Activity:
Report every line from the following entries that contains the string "when".

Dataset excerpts

■ ■ ■ ■

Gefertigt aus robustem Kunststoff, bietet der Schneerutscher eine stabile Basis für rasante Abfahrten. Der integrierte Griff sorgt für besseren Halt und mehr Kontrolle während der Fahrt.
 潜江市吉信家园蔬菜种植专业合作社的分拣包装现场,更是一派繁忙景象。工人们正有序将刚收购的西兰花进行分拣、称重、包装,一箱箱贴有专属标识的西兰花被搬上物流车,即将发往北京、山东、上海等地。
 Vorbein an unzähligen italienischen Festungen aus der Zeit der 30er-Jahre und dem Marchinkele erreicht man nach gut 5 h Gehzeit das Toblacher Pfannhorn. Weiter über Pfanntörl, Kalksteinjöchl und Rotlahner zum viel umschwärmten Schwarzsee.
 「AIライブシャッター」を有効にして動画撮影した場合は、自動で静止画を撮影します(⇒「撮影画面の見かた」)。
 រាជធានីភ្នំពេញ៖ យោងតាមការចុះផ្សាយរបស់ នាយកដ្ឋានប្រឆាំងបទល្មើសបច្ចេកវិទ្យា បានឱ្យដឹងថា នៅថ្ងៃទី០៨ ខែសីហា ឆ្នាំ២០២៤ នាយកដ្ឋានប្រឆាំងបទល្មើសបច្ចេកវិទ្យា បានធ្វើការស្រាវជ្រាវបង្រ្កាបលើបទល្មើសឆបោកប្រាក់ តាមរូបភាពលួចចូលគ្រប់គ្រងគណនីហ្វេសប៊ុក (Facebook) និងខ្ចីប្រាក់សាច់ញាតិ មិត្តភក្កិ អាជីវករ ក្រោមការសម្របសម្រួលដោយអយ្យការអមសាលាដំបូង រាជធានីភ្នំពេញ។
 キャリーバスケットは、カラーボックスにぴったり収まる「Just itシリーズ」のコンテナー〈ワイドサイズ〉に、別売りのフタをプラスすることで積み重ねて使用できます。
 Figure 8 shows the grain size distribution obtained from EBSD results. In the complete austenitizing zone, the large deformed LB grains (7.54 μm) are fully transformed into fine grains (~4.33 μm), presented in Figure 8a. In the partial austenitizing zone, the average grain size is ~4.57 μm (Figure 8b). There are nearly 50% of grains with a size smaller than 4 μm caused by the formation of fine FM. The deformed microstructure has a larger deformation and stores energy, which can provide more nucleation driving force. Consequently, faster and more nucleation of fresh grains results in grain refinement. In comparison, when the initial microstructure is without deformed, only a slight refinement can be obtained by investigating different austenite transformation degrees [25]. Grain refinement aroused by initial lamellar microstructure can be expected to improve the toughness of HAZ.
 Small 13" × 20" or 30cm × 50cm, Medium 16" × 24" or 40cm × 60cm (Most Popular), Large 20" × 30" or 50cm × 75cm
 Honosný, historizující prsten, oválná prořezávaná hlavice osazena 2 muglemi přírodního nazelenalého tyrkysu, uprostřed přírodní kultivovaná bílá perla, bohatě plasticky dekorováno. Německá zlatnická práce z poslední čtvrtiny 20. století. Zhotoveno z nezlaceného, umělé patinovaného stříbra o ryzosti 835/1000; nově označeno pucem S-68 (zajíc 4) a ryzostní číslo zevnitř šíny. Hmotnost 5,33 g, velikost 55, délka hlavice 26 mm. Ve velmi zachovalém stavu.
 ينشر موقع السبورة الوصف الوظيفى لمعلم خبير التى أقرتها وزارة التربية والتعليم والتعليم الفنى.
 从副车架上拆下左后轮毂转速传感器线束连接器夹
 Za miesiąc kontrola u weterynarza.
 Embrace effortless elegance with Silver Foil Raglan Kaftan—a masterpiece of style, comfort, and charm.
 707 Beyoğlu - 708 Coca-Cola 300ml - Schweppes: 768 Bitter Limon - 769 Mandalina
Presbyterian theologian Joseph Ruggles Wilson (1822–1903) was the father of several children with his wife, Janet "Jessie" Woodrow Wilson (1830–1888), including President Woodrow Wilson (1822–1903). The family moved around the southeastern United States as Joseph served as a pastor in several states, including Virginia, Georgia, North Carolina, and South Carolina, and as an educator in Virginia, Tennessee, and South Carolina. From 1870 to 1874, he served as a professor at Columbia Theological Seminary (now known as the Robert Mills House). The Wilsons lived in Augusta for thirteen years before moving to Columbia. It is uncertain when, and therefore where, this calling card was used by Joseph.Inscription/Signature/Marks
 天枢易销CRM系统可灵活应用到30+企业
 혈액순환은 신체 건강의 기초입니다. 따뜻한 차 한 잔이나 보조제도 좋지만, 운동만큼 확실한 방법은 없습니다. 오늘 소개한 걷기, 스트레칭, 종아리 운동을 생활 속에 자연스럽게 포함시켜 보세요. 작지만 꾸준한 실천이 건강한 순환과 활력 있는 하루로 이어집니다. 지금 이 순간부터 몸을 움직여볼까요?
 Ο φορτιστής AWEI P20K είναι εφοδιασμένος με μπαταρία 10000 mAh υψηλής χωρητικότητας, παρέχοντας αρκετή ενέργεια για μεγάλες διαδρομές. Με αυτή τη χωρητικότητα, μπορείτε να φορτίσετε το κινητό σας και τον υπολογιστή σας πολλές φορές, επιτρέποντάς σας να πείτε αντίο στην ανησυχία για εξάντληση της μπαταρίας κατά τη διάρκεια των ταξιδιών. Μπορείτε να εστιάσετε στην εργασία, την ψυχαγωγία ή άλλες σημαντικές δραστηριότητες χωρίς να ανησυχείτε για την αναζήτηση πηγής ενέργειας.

■ ■ ■ ■

Response to the task:
 Figure 8 shows the grain size distribution obtained from EBSD results. In the complete austenitizing zone, the large deformed LB grains (7.54 μm) are fully transformed into fine grains (~4.33 μm), presented in Figure 8a. In the partial austenitizing zone, the average grain size is ~4.57 μm (Figure 8b). There are nearly 50% of grains with a size smaller than 4 μm caused by the formation of fine FM. The deformed microstructure has a larger deformation and stores energy, which can provide more nucleation driving force. Consequently, faster and more nucleation of fresh grains results in grain refinement. In comparison, when the initial microstructure is without deformed, only a slight refinement can be obtained by investigating different austenite transformation degrees [25]. Grain refinement aroused by initial lamellar microstructure can be expected to improve the toughness of HAZ.
Presbyterian theologian Joseph Ruggles Wilson (1822–1903) was the father of several children with his wife, Janet "Jessie" Woodrow Wilson (1830–1888), including President Woodrow Wilson (1822–1903). The family moved around the southeastern United States as Joseph served as a pastor in several states, including Virginia, Georgia, North Carolina, and South Carolina, and as an educator in Virginia, Tennessee, and South Carolina. From 1870 to 1874, he served as a professor at Columbia Theological Seminary (now known as the Robert Mills House). The Wilsons lived in Augusta for thirteen years before moving to Columbia. It is uncertain when, and therefore where, this calling card was used by Joseph.Inscription/Signature/Marks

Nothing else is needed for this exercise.